= TASK DIRECTIONS =
Every line below from the one with "The 2 of Pentacles" through the one with "1 October (Wed)" is to be repeated exactly, with no picture among them.

= RECORDED INFORMATION =
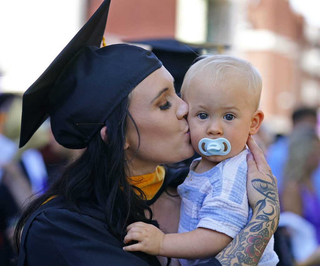 A graduate kisses her son following the Wednesday morning commencement ceremony for online and cohort students at Global Credit Union Arena on Oct. 15, 2025. -
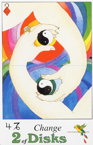 The 2 of Pentacles is an assignment number card, and the assignment here is to maintain a happy and relaxed attitude during a wait for results of what you started.
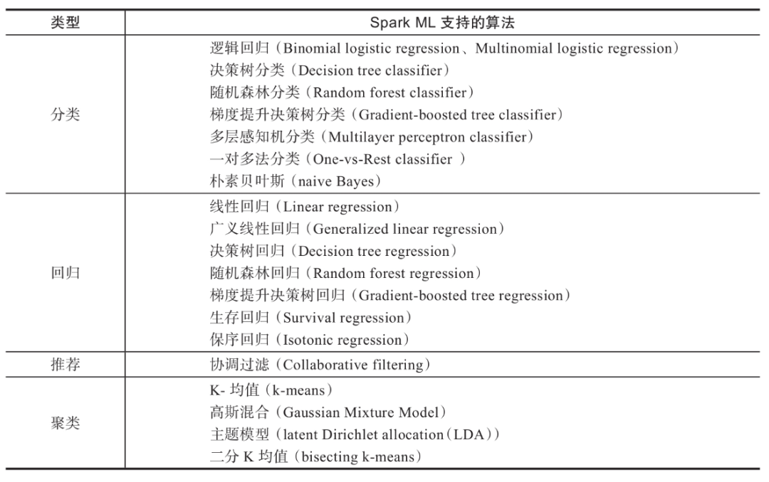 Spark支持分类、回归、聚类、推荐等常用的机器学习算法。见下表:
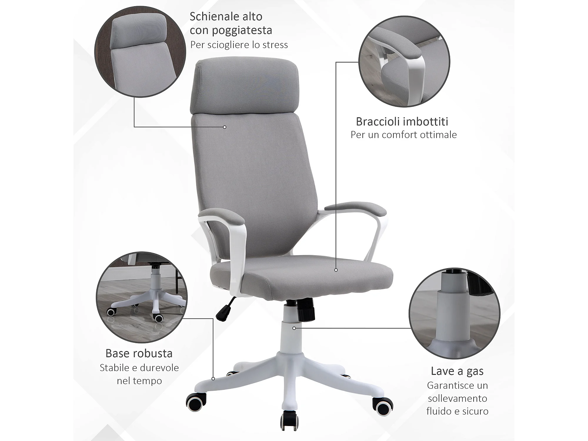 Sedia da ufficio con altezza regolabile e ruote girevoli grigio chiaro
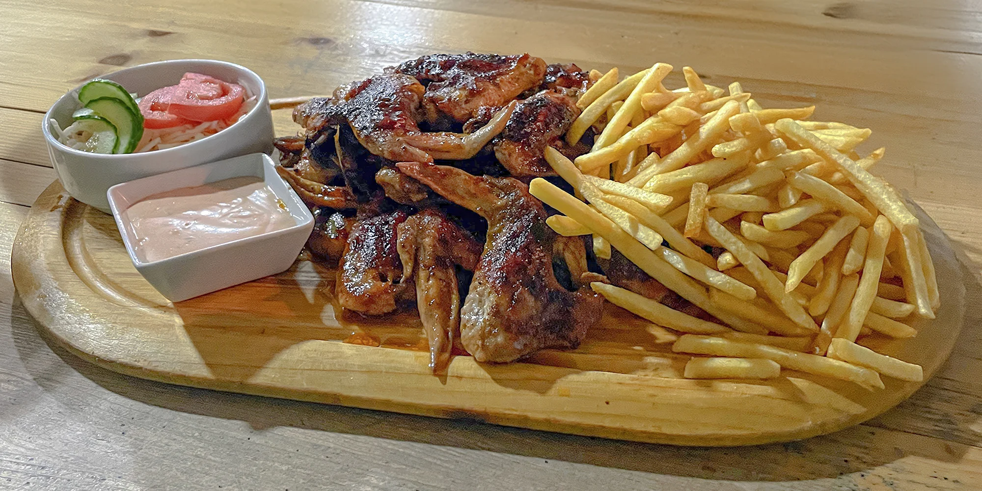 1 či 2 kg BBQ křídel s hranolky, salátem i omáčkou
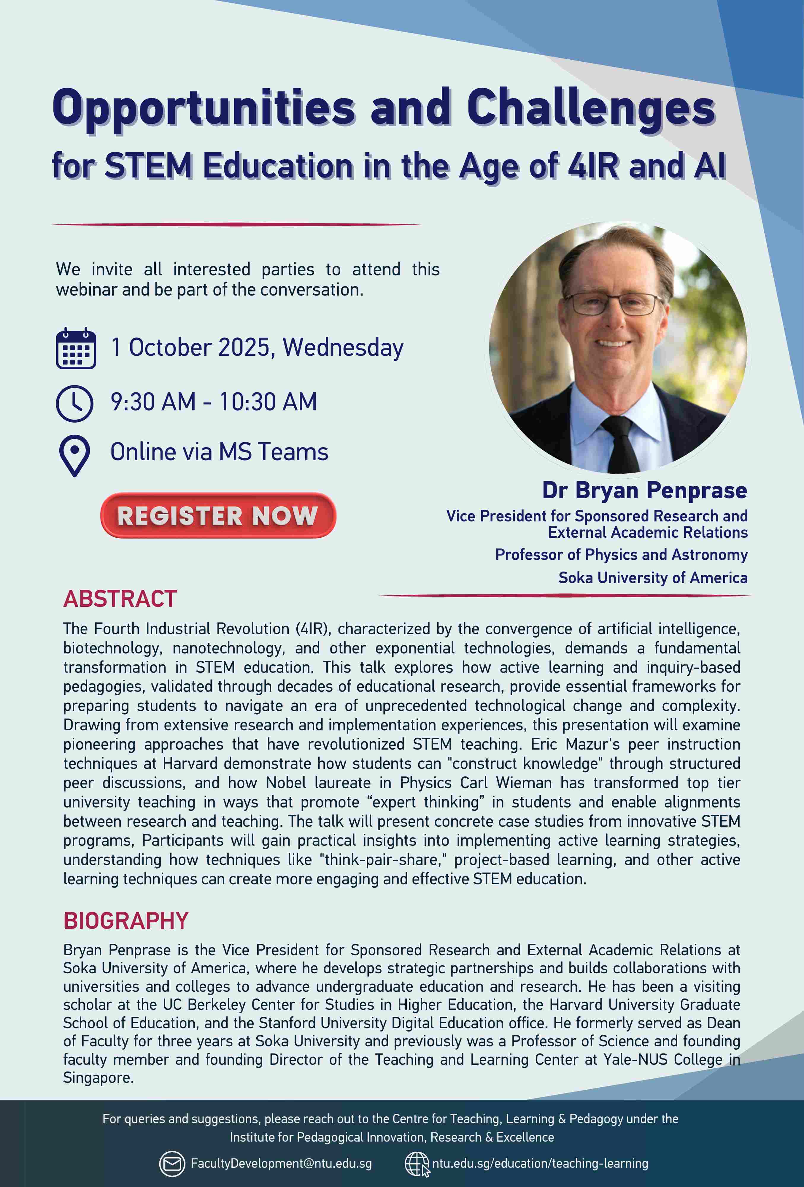 1 October (Wed) 9:30am-10:30am - Opportunities and Challenges for STEM Education in the Age of 4IR and AI by Dr Bryan Penprase
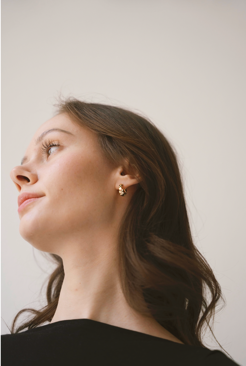 Bold looking croissant shaped twisted hoops that immediately add some glam factor to any outfit. You can’t go wrong with this classic and chic design.

= RESULT OF THIS TASK =
 The 2 of Pentacles is an assignment number card, and the assignment here is to maintain a happy and relaxed attitude during a wait for results of what you started.
 Spark支持分类、回归、聚类、推荐等常用的机器学习算法。见下表:
 Sedia da ufficio con altezza regolabile e ruote girevoli grigio chiaro
 1 či 2 kg BBQ křídel s hranolky, salátem i omáčkou
 1 October (Wed) 9:30am-10:30am - Opportunities and Challenges for STEM Education in the Age of 4IR and AI by Dr Bryan Penprase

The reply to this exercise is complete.